Wednesday, 30 November 2016


Sweetgum tree: Liquidambar

Sweetgum trees are large, deciduous trees found in Asia and North America. Sweetgum trees are important resources for medicinal and other beneficial compounds. Many of the medicinal properties of sweetgum are derived from the resinous sap that exudes when the outer bark of the tree has been damaged. The sap, known as storax, has been used for centuries to treat common ailments such as skin problems, coughs, and ulcers. More recently, storax has proven to be a strong antimicrobial agent even against multidrug resistant bacteria such as methicillin-resistant Staphylococcus aureus. In addition to the sap, the leaves, bark, and seeds of sweetgum also possess beneficial compounds such as shikimic acid, a precursor to the production of oseltamivir phosphate, the active ingredient in Tamiflu®–an antiviral drug effective against several influenza viruses. Other extracts derived from sweetgum trees have shown potential as antioxidants, anti-inflammatory agents, and chemopreventive agents. The compounds found in the extracts derived from sweetgum sap suppress hypertension in mice. Extracts from sweetgum seeds have anticonvulsant effects, which may make them suitable in the treatment of epilepsy. In addition to the potential medicinal uses of sweetgum extracts, the extracts of the sap possess antifungal activity against various phytopathogenic fungi and have been effective treatments for reducing nematodes and the yellow mosquito, Aedes aegypti, populations thus highlighting the potential of these extracts as environment-friendly pesticides and antifungal agents.5

Many of the medicinal properties of sweetgum come from storax as well as essential oils extracted from the leaves.
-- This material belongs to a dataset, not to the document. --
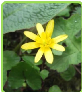
Ivor Mitchelmore: Lesser Celandine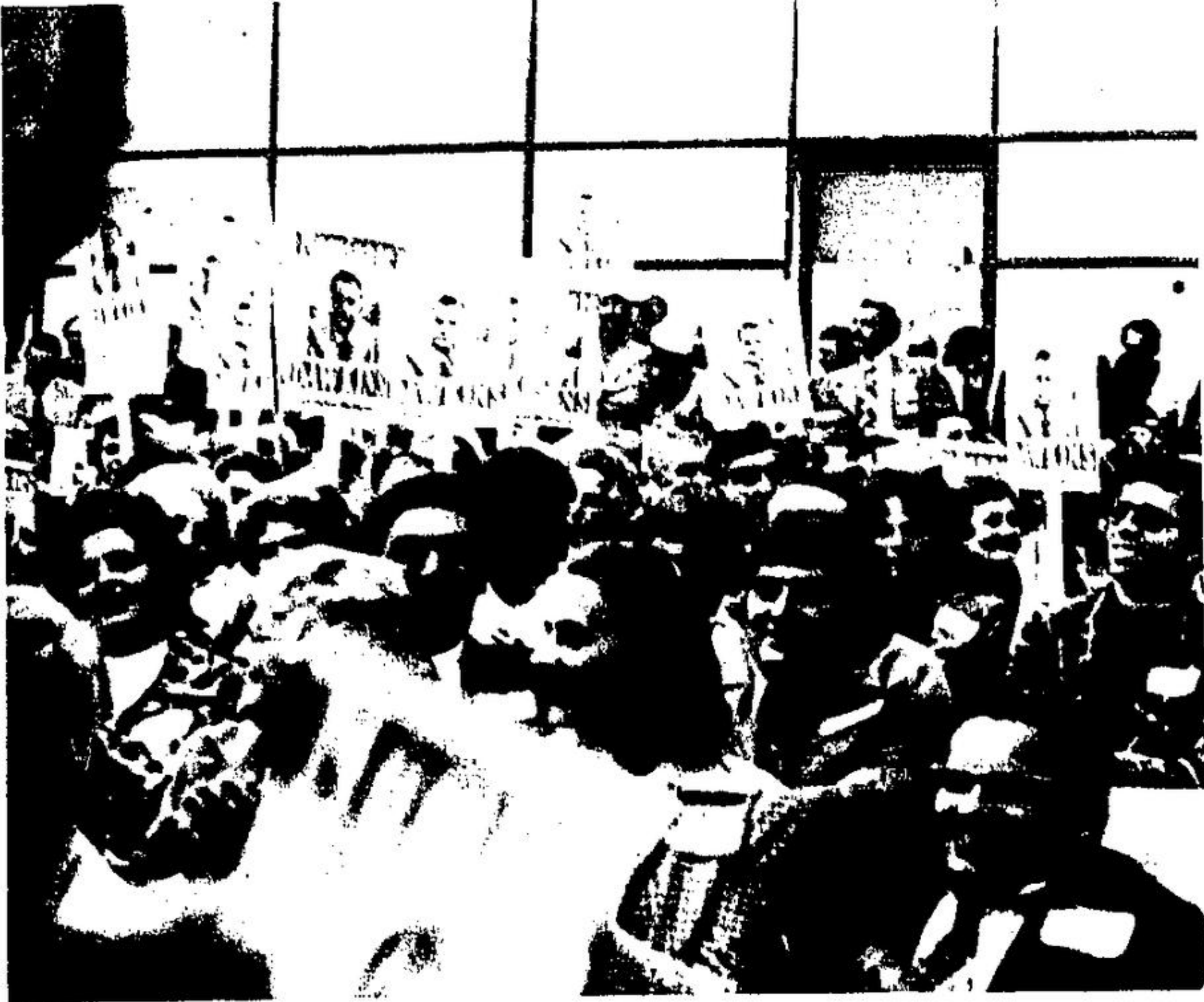
MORE THAN 600 people packed the auditorium at the Ernest C. Drury school Thursday night for the Progressive Conservative nomination meeting.

Storax, also referred to as styrax, is produced by damaging the outer bark of sweetgum trees. When the tree is wounded, the inner bark produces a balsam. Boiling the inner bark in water effectively removes the balsam and produces storax. Storax has medicinal uses dating back to the Aztec Empire during the Paleoindian Period (ca. 10,000-7000 BC).
The ancient Aztecs collected the boiled down, grayish-brown, sticky, opaque liquid and used it as a treatment for skin infections and other ailments. Native Americans also used storax for medicinal purposes, including controlling coughs and dysentery and treating sores and wounds.
In addition to storax, the sap of the sweetgum tree was burnt as incense or mixed with tobacco leaves as a sedative as well as used in the making of soaps, cosmetics, fixatives in perfumes, adhesives, and lacquers. Recent references from organic websites have noted that the inner bark of sweetgum, boiled with milk, can relieve diarrhea, and oils from the leaves of sweetgum trees have antimicrobial properties against both bacteria and viruses.